## Goal of the exercise
Please restate word for word the lines of the entries below from the one with "いつも遊んでくださる方への感" to the one with "This Halvorson family", inclusive, and leave out every picture.

## Provided material
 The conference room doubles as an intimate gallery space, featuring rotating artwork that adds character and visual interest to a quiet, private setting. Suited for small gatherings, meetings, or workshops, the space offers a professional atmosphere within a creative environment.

...

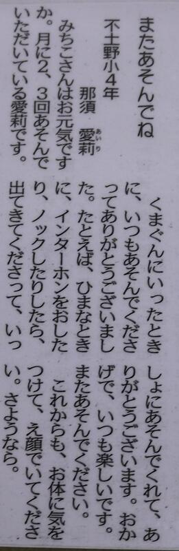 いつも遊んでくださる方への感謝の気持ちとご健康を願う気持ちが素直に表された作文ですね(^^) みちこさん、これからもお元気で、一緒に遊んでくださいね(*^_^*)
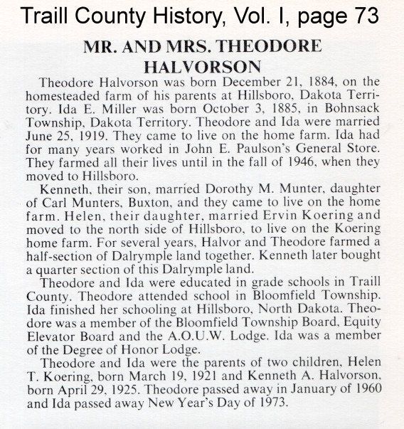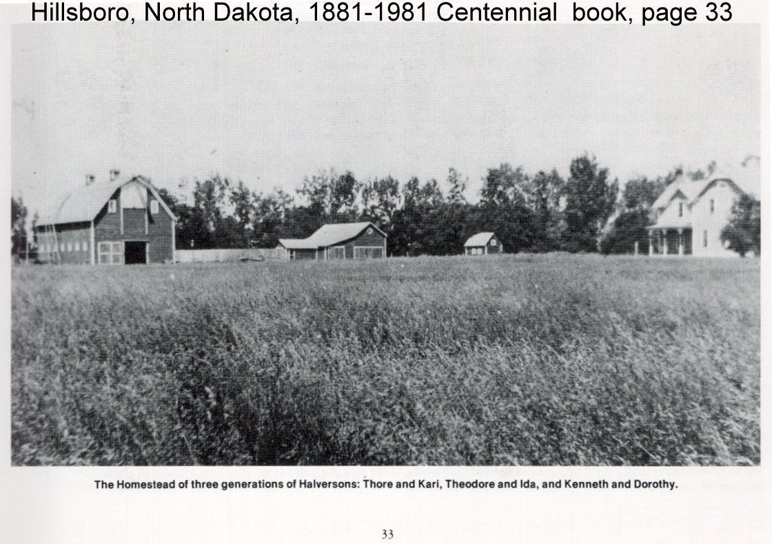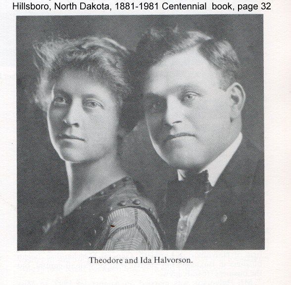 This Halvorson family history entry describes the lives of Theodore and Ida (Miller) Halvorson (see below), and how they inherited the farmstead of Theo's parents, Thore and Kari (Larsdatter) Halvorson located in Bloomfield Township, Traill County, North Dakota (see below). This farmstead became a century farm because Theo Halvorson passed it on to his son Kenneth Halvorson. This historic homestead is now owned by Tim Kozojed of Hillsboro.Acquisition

## Your solution
 いつも遊んでくださる方への感謝の気持ちとご健康を願う気持ちが素直に表された作文ですね(^^) みちこさん、これからもお元気で、一緒に遊んでくださいね(*^_^*)
 This Halvorson family history entry describes the lives of Theodore and Ida (Miller) Halvorson (see below), and how they inherited the farmstead of Theo's parents, Thore and Kari (Larsdatter) Halvorson located in Bloomfield Township, Traill County, North Dakota (see below). This farmstead became a century farm because Theo Halvorson passed it on to his son Kenneth Halvorson. This historic homestead is now owned by Tim Kozojed of Hillsboro.Acquisition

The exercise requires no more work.